Instead, Xen provides the following hypercall: 

\begin{quote}
\hypercall{physdev\_op(void *physdev\_op)}

Perform a PCI configuration option; depending on the value 
of {\tt physdev\_op} this can be a PCI config read, a PCI config 
write, or a small number of other queries. 

\end{quote} 


For examples of using {\tt physdev\_op()}, see the 
Xen-specific PCI code in the linux sparse tree. 

\section{Administrative Operations}
\label{s:dom0ops}

A large number of control operations are available to a sufficiently
privileged domain (typically domain 0). These allow the creation and
management of new domains, for example. A complete list is given 
below: for more details on any or all of these, please see 
{\tt xen/include/public/dom0\_ops.h} 


\begin{quote}
\hypercall{dom0\_op(dom0\_op\_t *op)} 

Administrative domain operations for domain management. The options are:

\begin{description} 
\item [\it DOM0\_CREATEDOMAIN:] create a new domain

\item [\it DOM0\_PAUSEDOMAIN:] remove a domain from the scheduler run 
queue. 

\item [\it DOM0\_UNPAUSEDOMAIN:] mark a paused domain as schedulable
  once again. 

\item [\it DOM0\_DESTROYDOMAIN:] deallocate all resources associated
with a domain

\item [\it DOM0\_GETMEMLIST:] get list of pages used by the domain

\item [\it DOM0\_SCHEDCTL:]

\item [\it DOM0\_ADJUSTDOM:] adjust scheduling priorities for domain

\item [\it DOM0\_BUILDDOMAIN:] do final guest OS setup for domain

\item [\it DOM0\_GETDOMAINFO:] get statistics about the domain

\item [\it DOM0\_GETPAGEFRAMEINFO:] 

\item [\it DOM0\_GETPAGEFRAMEINFO2:]

\item [\it DOM0\_IOPL:] set I/O privilege level

\item [\it DOM0\_MSR:] read or write model specific registers

\item [\it DOM0\_DEBUG:] interactively invoke the debugger

\item [\it DOM0\_SETTIME:] set system time

\item [\it DOM0\_READCONSOLE:] read console content from hypervisor buffer ring

\item [\it DOM0\_PINCPUDOMAIN:] pin domain to a particular CPU

\item [\it DOM0\_GETTBUFS:] get information about the size and location of
                      the trace buffers (only on trace-buffer enabled builds)

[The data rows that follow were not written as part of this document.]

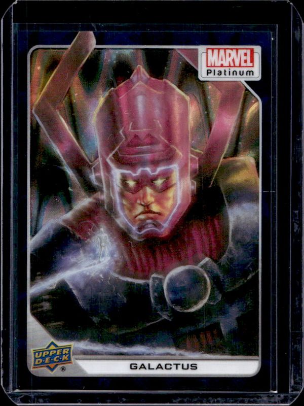 The Galactus 2023 Upper Deck Marvel Platinum #85 Teal Wave /799 card is 1 of 54 Galactus' card variations in the 2023 Upper Deck Marvel Platinum set being tracked by Sports Card Investor, including Base, Black Rainbow, Blue Rainbow, Blue Surge, and Purple Rainbow.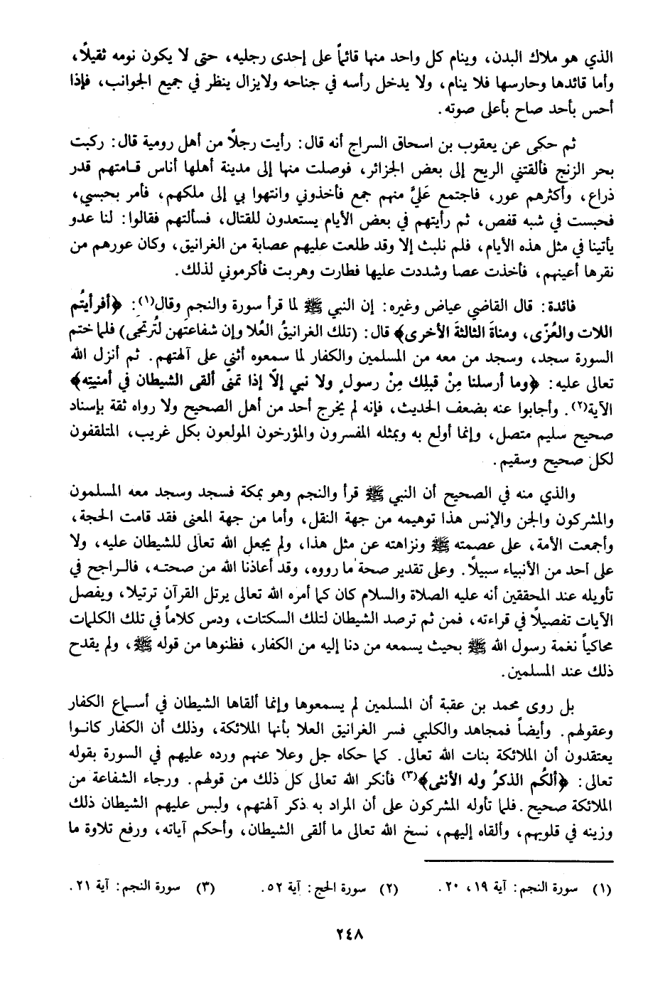 والذي منه في الصحيح أن النبي صلى الله عليه وسلم قرأ والنجم وهو بمكة فسجد وسجد معه المسلمون والمشركون والجن والإنس هذا توهيمه من جهة النقل، وأما من جهة المعنى فقد قامت الحجة، وأجمعت الأمة، على عصمته صلى الله عليه وسلم ونزاهته عن مثل هذا، ولم يجعل الله تعالى للشيطان عليه، ولا على أحد من الأنبياء سبيلا. وعلى تقدير صحة ما رووه، وقد أعاذنا الله من صحته، فالراجح في تأويله عند المحققين أنه عليه الصلاة والسلام كان كما أمره الله تعالى يرتل القرآن ترتيلا، ويفصل الآيات تفصيلا في قراءته، فمن ثم ترصد الشيطان لتلك السكتات، ودس كلاما في تلك الكلمات محاكيا نغمة رسول الله صلى الله عليه وسلم بحيث يسمعه من دنا إليه من الكفار، فظنوها من قوله صلى الله عليه وسلم، ولم يقدح ذلك عند المسلمين.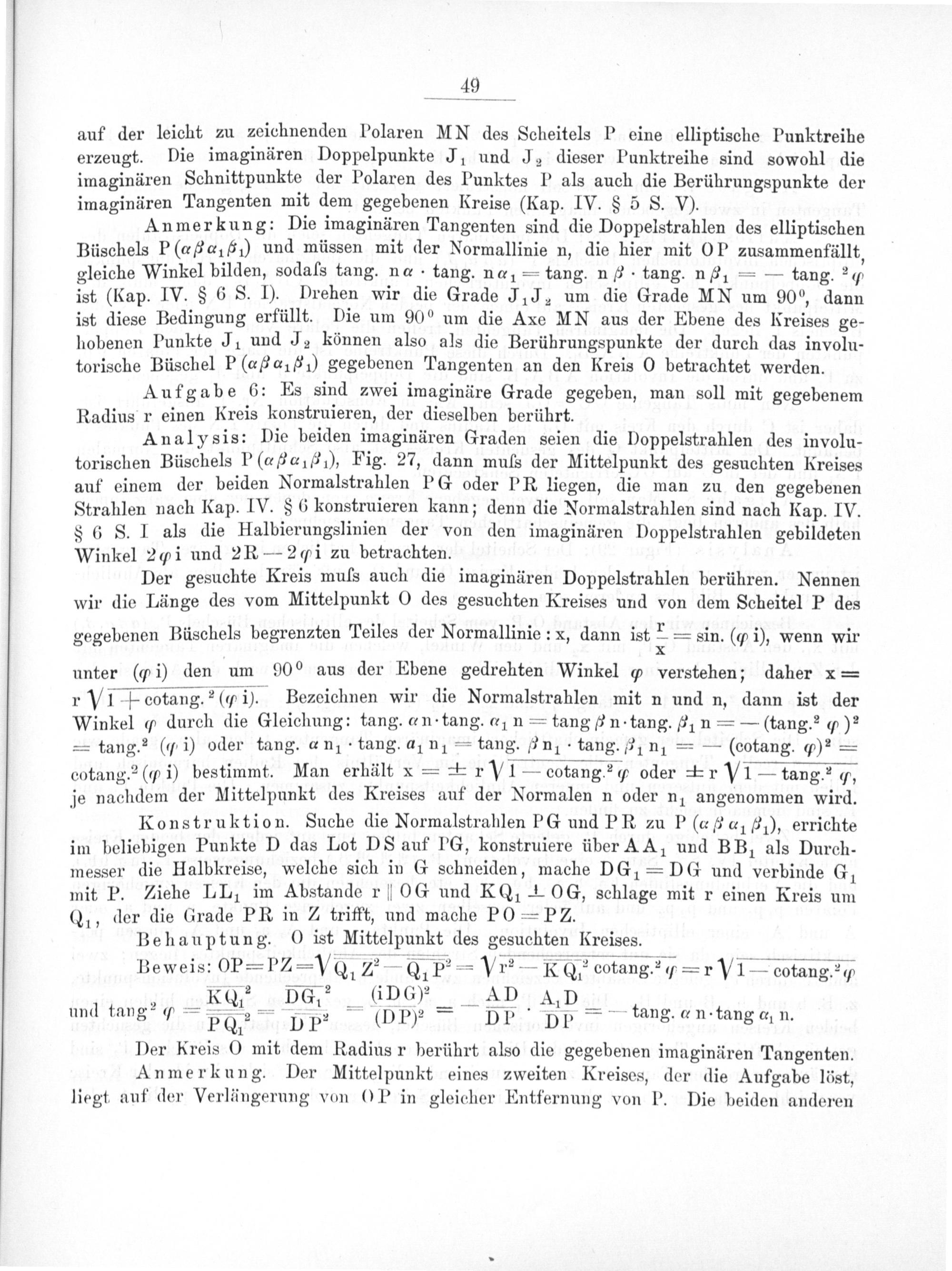 49 auf der leicht zu zeichnenden Polaren MN des Scheitels P eine elliptische Punktreihe erzeugt. Die imaginären Doppelpunkte Ji und Je dieser Punktreihe sind sowohl die imaginären Schnittpunkte der Polaren des Punktes P als auch die Berührungspunkte der imaginären Tangenten mit dem gegebenen Kreise(Kap. IV.§ 5 S. V).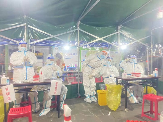 寒冷冬夜,我们与光同行。神康抗疫小分队到达采集点,开始做采样准备工作,防护服难穿,队员们经验十足,互帮互助,很快速的就穿戴整齐了,只为尽快的开启采样工作。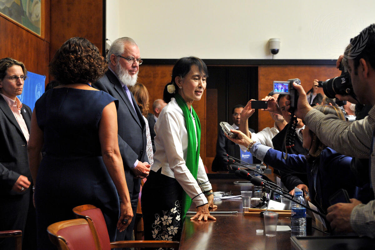 Aung San Suu Kyi (front), General Secretary of Myanmar’s National League for Democracy, speaks to reporters following her address to the International Labour Conference in Geneva, Switzerland. Pictured behind her is Juan Somavia, Director-General of the International Labour Organization (ILO).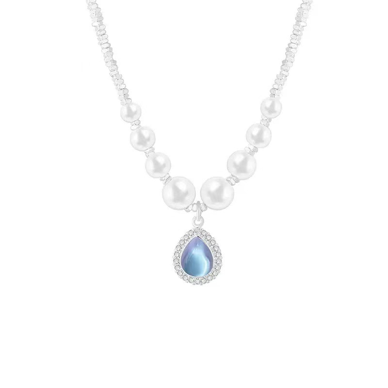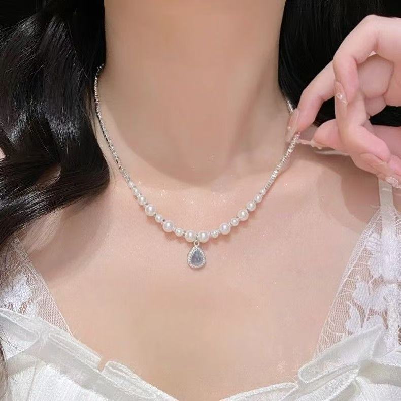 블루 워터 드롭 펜던트, 브로큰 실버 목걸이, 진주 라이트 럭셔리 틈새 디자인, 고급 액세서리스토어 가기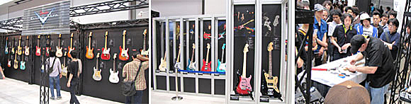 ▲Fender Custom Shopのブール春畑道哉、高中正義、チャー、ken、INORANなど歴代日本人シグネチャー・モデルがずらり。マスタービルダーによるデモンストレーションも多くの来場者を集めた。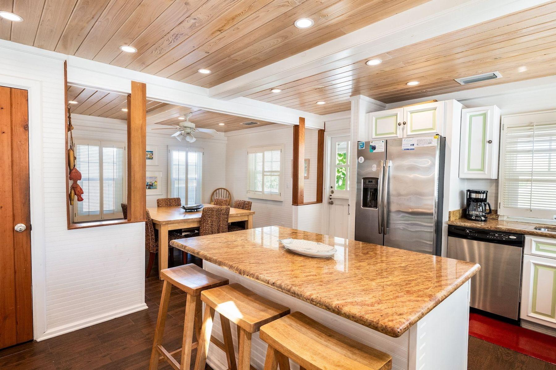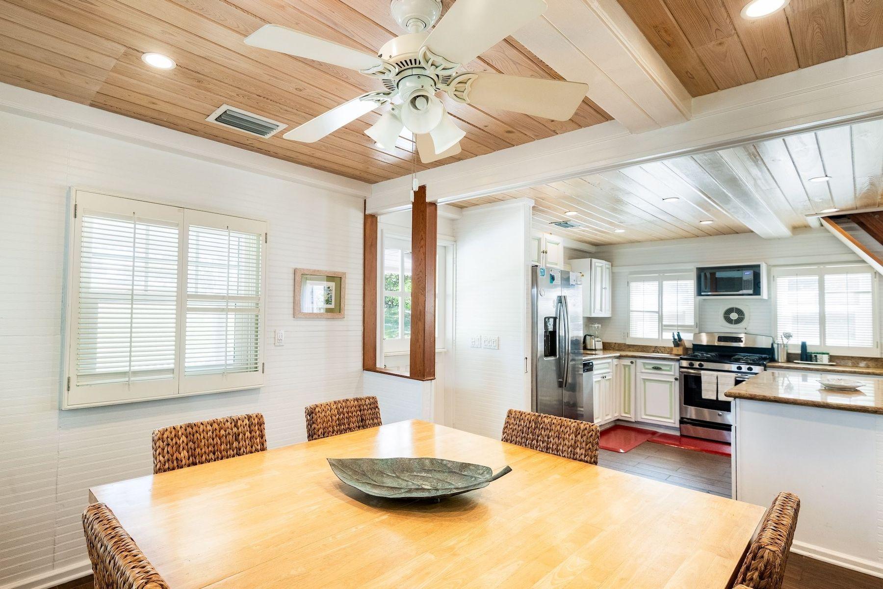 Experience the timeless appeal of Green Shutters, a restored 19th-century cottage with separate guesthouse in the heart of Hope Town on sought-after Elbow Cay. Just steps from Atlantic Beach, shops, dining, and public dockage, this prime location offers effortless access to the best of the settlement. The property features four bedrooms and three-and-a-half baths across two residences. The main house includes a welcoming front porch, open-concept living, two main-level bedrooms, and a charming loft retreat with private bath. The fully equipped kitchen boasts granite countertops, stainless steel appliances, and a breakfast bar. A private one-bedroom guesthouse with ensuite provides added flexibility for guests or extended family. A generator ensures comfort and peace of mind. Beautifully blending historic character with modern convenience, Green Shutters presents a rare opportunity to enjoy authentic island living in an exceptional setting.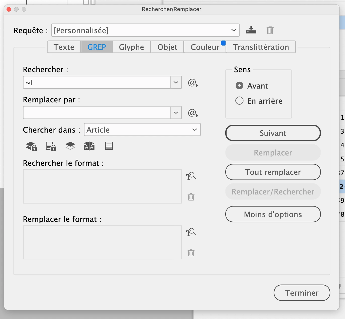 En copie collant dans Grep, j'obtiens des séries du style : \t: ~l~l\t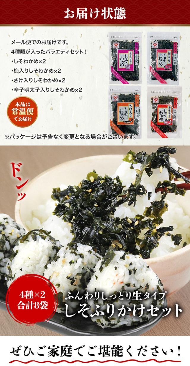 \ 送料無料 / ふりかけ 生タイプ しそわかめ 4種×2袋 セット 合計8袋 各50g 弁当 おにぎり 魚の屋 しそわかめふりかけ ふりかけ ネコポス便 送料無料 グルメ お試し セット ギフト プレゼント ポイント消化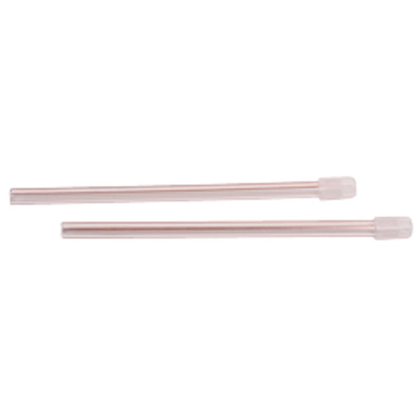 Spytsug til tynde sugeslanger i blød plast med bøjelig ståltråd og aftagelige hætter, klare. Længde u/hætte 12 cm m/hætte 12,7 cm.

\item [\it DOM0\_PHYSINFO:] get information about the host machine

\item [\it DOM0\_PCIDEV\_ACCESS:] modify PCI device access permissions

\item [\it DOM0\_SCHED\_ID:] get the ID of the current Xen scheduler

\item [\it DOM0\_SHADOW\_CONTROL:] switch between shadow page-table modes

\item [\it DOM0\_SETDOMAININITIALMEM:] set initial memory allocation of a domain

\item [\it DOM0\_SETDOMAINMAXMEM:] set maximum memory allocation of a domain

\item [\it DOM0\_SETDOMAINVMASSIST:] set domain VM assist options
\end{description} 
\end{quote} 

Most of the above are best understood by looking at the code 
implementing them (in {\tt xen/common/dom0\_ops.c}) and in 
the user-space tools that use them (mostly in {\tt tools/libxc}). 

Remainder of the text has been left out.